Two teenagers from London’s deprived East End have landed coveted places at the prestigious Young Journalists’ Academy summer school which aims to break down the middle-class ‘barrier’ into the media.

Kieran Clarke, from Tower Hamlets College, and Promi Ferdousi, from Mulberry School for Girls, are among just 27 youngsters with working class backgrounds from all over London who have a place in the two-week course at Canary Wharf which had 200 applicants.

Students train in everything from feisty opinion pieces to fact-packed science writing and juicy celebrity reporting and the course takes in tours of newsrooms and studios.

Workshops and seminars include sports writing, radio production and the glamour of being a foreign correspondent.

The academy is for 16- to 18-year-old State school pupils in London to teach the nuts and bolts of journalism.

It was set up in 2006 when research from the Sutton Trust showed a class imbalance in the media. The Cabinet Office claimed in 2009 that the media had become even more dominated by the wealthy.

Research presented at this-year’s British Sociological Association’s conference showed the middle-class still hoard jobs in the media.

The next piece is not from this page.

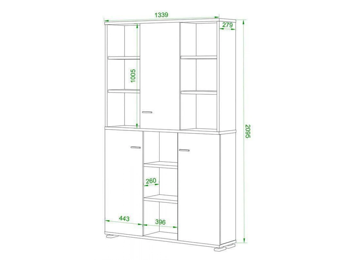 3 дверцы, 13 полок

The summer school aims to counteract this imbalance.

Its coordinator Nathalie Rothschild said: “We challenge the idea that you need to have the ‘right’ education or be lucky enough to have personal connections to become a journalist.”

The academy aims to inspire a new generation of reporters to learn the value of freedom of expression, truth-seeking “and good grammar”.

The 25 editors, producers and reporters who have volunteered to run seminars include The Sun’s associate editor Trevor Kavanagh, The Times TV critic Andrew Billen and former science editor Mark Henderson, Wall Street Journal leader writer Anne Jolis, Sunday Mirror showbiz columnist Dean Piper, LiveWire Sport commentator Caroline Cheese and BBC radio producers Alex Mansfield and Rami Tzabar.